“Write with the door closed, rewrite with the door open.” Stephen King, “On Writing”
It’s been a busy year since “Oliver’s Surprise” went to press. Book signings, visits to book stores, meetings with the publisher, author blogs. Best of all has been talking with so many kids and adults who’ve taken Oliver into their imaginations. He’s brought smiles to faces on near and distant shores, and I’m sure that will continue with the second edition.
Now, after a full year of revising, designing, marketing, and of course selling books, it’s back to writing: I’m working on a sequel.

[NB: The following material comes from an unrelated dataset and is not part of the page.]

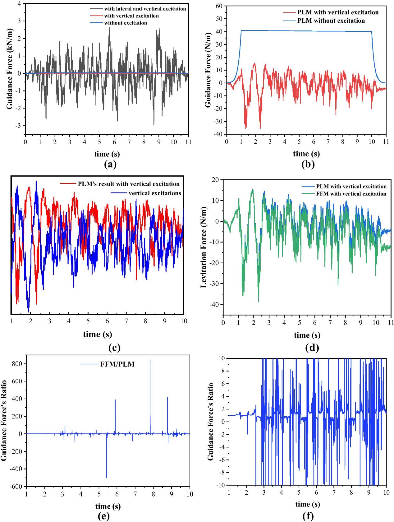 Fig. 13. Bulk’s guidance force. (a) PLM with vertical excitations. (b) PLM with vertical excitations compared with without excitations. (c) The trend comparison between the PLM’s result with vertical excitations and vertical excitations. (d) PLM and FFM with vertical excitations. (e) Ratio of FFM/PLM with vertical excitations during the working time. (f) Partial enlarged drawing.

On mornings when the sunshine and perfect temps are calling me to join them outside, I’m sitting down at my desk and trying to figure out What Happens Next. Some days it’s worth the sacrifice, and the story line flows through my fingers onto the screen. Some days I check my email way too often. On the worst days, I give up before lunch and write a blog post instead. One way or another, I’ll get this next story written.
What I’m learning is that after such an exciting period of diving into the nuts and bolts to get my book Out There, it’s simply impossible to rewind and write from that innocent place that created the first Oliver. That’s even more the case since the first book wasn’t originally written to be published.
For that and many other reasons, the next book will be different.
I’m often disappointed by sequels. I go looking for more about my favorite character, only to find s/he has moved or grown up or changed too much to be recognizable. And yet I wouldn’t want to read exactly the same story all over again; that would be too much like a “formula” book. I always have the feeling that formula authors start with a plot outline and just fill in the blanks next to the characters’ names. Lucrative, for sure, since publishers are always looking for more than one book. But that’s not what I’m after.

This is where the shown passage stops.